Parkhurst then spent a year in Italy studying with another pioneer educator, Maria Montessori. She quickly became one of Montessori’s star students. When Montessori went to the United States to hold a series of lectures, Parkhurst was invited to join her.  Then, for almost three years, Parkhurst administered the Montessori schools across the nation and helped develop various training programs and pedagogic resources with great success.

It was in a small high school, the Children’s University School, in Dalton, Massachusetts, that Parkhurst began to apply all she had come to know about the human learning process. She developed the use of contracts as a way of individualizing learning projects. Parkhurst’s idea was revolutionary yet simple: whenever a student is given responsibility for a particular piece of learning, he or she would instinctively seek the best way of achieving it. The student would then proceed to act upon that decision with focus and rigor, leading to the finished project being highly successful.

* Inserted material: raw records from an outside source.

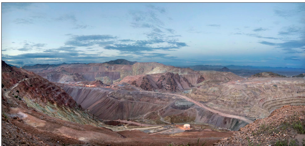
Morenci Mine, крупнейший медный рудник США: добыча полезных ископаемых может существенно изменить ландшафт.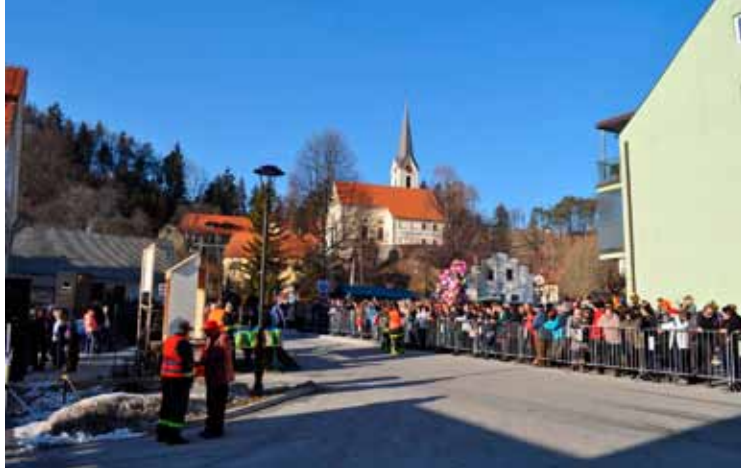
47. pokop pusta na Dobrni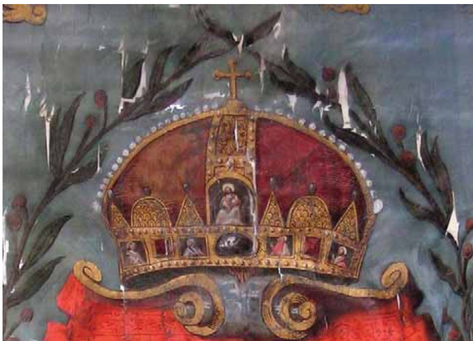
7. A Szent Korona a Magyar Királyság 1618. évi koronázási országzászlaján Fraknó, Esterházy Privatstiftung, Schatzkammer

Végül kiemelt figyelmet érdemel, hogy a címerpajzs felett a zászló mindkét oldalán a Szent Koronának egy tudunkkal ez ideig sohasem vizsgált, elülnézeti ábrázolása látható (7. kép), miként ez igaz az ordó zászlajának koronaképére is. Bár ezek természetesen komolyabb elemzést igényelnek, első vizsgálatra úgy tűnik, hogy jelentősebben eltérnek mind a Révay Péter 1613. évi művében, mind az „országablakon” látható koronaképektől, és leginkább talán a Jeszenszky János (Johannes Jesenius) II. Mátyás koronázásáról előbb kéziratban elkészült, majd 1609-ben nyomtatásban, nemrég pedig modern kiadásban is megjelent korona-változataihoz állnak legközelebb. 86 A fentiekben elmondottak ismeretében nem lehet kérdés, hogy mind a koronázási ordó, mind az országzászló festője számára a – zászló esetében különösen gondosnak nevezhető – koronaképhez a mintát egy olyan előkép vagy előképek (rajz vagy festett ábrázolás) szolgáltathatták, amelyek 1608 nyarán–őszén készülhettek. Nevezetesen a korona előbb Prágából Bécsbe, majd onnan Pozsonyba érkezése, majd a szertartást követően a koronáladába való visszahelyezése között. (Történetünk érdekességét ráadásul tovább fokozza, hogy a sokat idézett ordó külső oldalán a Szent Korona egyik legkorábbi hátulnézeti ábrázolása is megtalálható. 87 ) Azt azonban, hogy Jeszenszky és az 1618. évi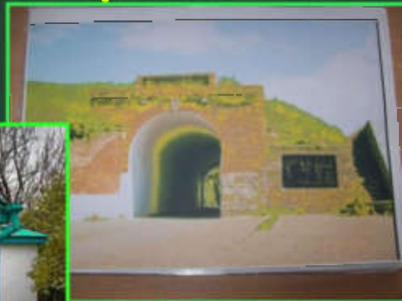
Азов. Пороховой погреб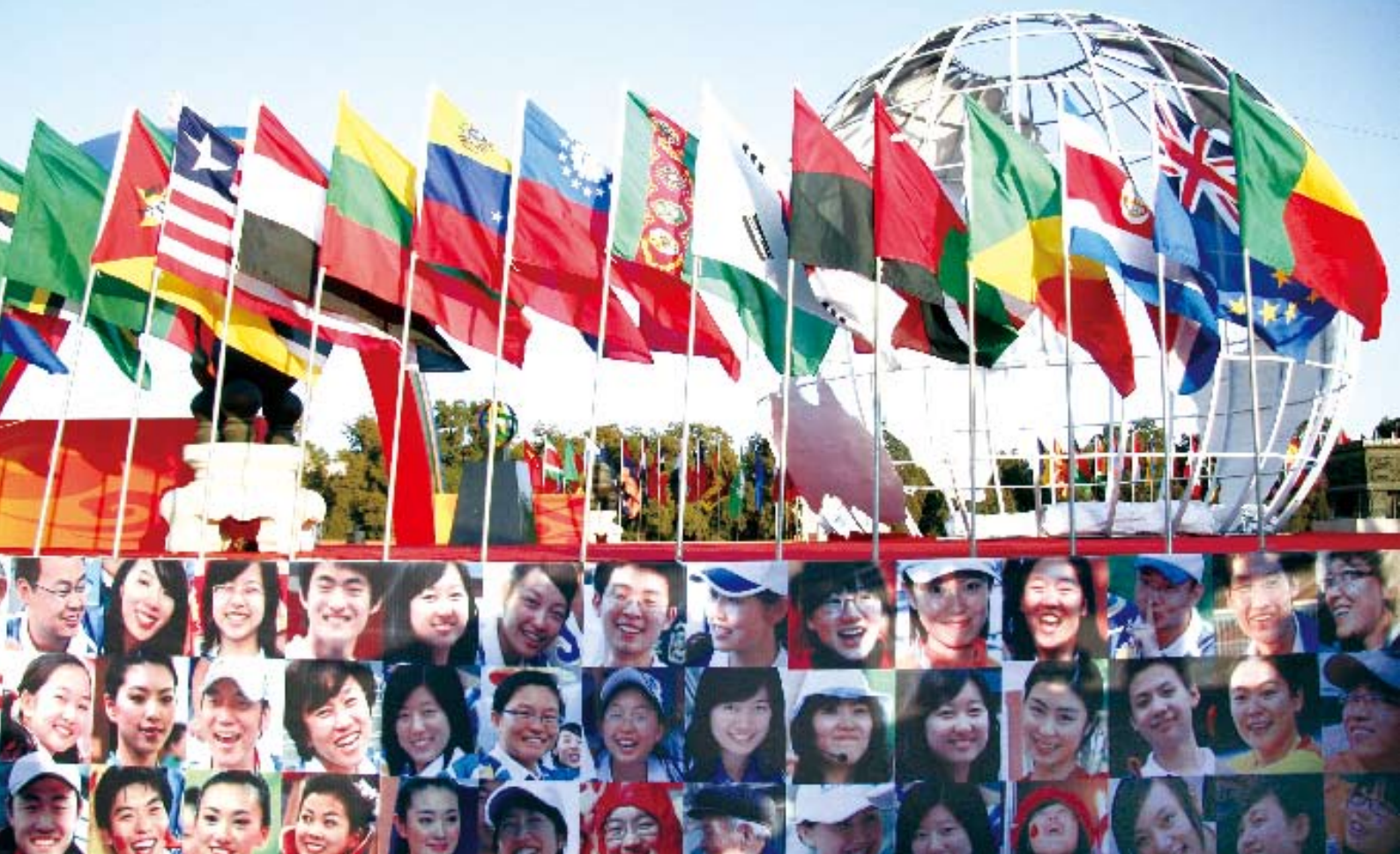
2008年12月5日是北京奥运会和残奥会成功举办后的首个国际志愿者日，“国际志愿者日主题活动暨‘奥运志愿者星’命名仪式”在地坛公园举行

全管理比以往此类活动提出了更高的要求,大型社会活动安全管理条例的制定就是整体考虑城市日常管理和奥运筹办需求的结果。还有一个重点考虑是在时间安排上,对于一些迫切需要的立法,及时调整立法规划,及时安排。突发事件应对法2007年8月出台后,为了应对奥运期间可能发生的突发事件,北京市人大常委会及时调整立法计划,于2008年5月制定了实施突发事件应对法办法,也成为这方面国内的第一个地方性法规。

Parkhurst continued her research and created “Education on The Dalton Plan” in 1922.  Parkhurst explained The Dalton Plan as:

“Let us think of a school as a social laboratory where pupils are themselves the experimenters, not the victims. Let us think it as a place where community conditions prevail as life prevails…The Dalton Laboratory Plan is not a system or a method… It is not a curriculum… It is an educational reorganization which reconciles the twin activities of teaching and learning. When intelligently applied, it creates conditions which enable the teacher to teach and the learner to learn.”

The plan reorganizes schools into Assignment (which gives learning responsibility to students to learn according to their interest and ability), Laboratory (where and when students can seek the best way to achieve the Assignment, including one on one time with specialist teacher or collaboration in small groups), and House (where teachers act as a counselor to give lessons and where children belong to a community). The Dalton Plan is not merely an innovative educational concept, but a practical way of life, fostering freedom, collaboration, and responsibility.

The school relocated to New York in 1922 and the name was changed from the Children’s University School to The Dalton School. It was here that she fully developed what she then termed as the ‘Datlon Laboratory Plan’ in 1926. The plan was enormously successful with teachers and students working together towards individualized, student-driven goals. Eleanor Roosevelt greatly admired the work of Helen Parkhurst and played an important role in expanding the population and resources of the school. It was in New York that Parkhurst spent most of her distinguished career. She remained in charge of The Dalton School until 1942.

Parkhurst lectured around the world and received numerous awards and recognition from the governments of China, Netherlands, Japan, Denmark and more. She had been decorated by the Queen of Italy, Empress of Japan, and the Queen of the Netherlands.